__Exercise goal__: Exclude the pictures and transcribe the rest of the data below exactly.

(Beginning of Source data)

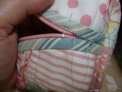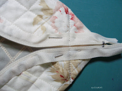 Pin one side of the zip to the bag from one pin to the other as in the photo. Hand sew the binding edge to the zip and repeat for the other side. You can click on these photos for close ups to see which way to orient the zip.
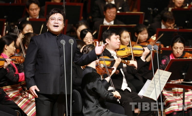 圖為中央歌劇院首席男高音歌唱家、國家一級演員李爽領合唱《西藏 我的第二故鄉(xiāng)》 攝影:劉莉
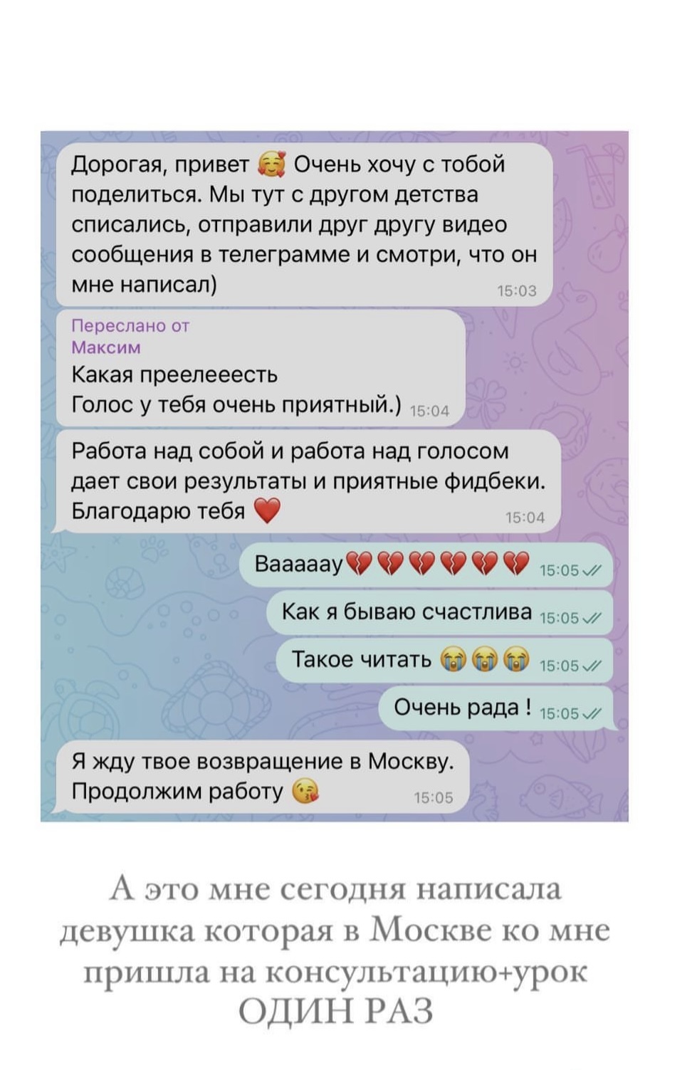 После одной такой встречи вы услышите изменения в своём голосе и почувствуете телесную свободу.

(End of Source data)

__Result of the task__:
 Pin one side of the zip to the bag from one pin to the other as in the photo. Hand sew the binding edge to the zip and repeat for the other side. You can click on these photos for close ups to see which way to orient the zip.
 圖為中央歌劇院首席男高音歌唱家、國家一級演員李爽領合唱《西藏 我的第二故鄉(xiāng)》 攝影:劉莉
 После одной такой встречи вы услышите изменения в своём голосе и почувствуете телесную свободу.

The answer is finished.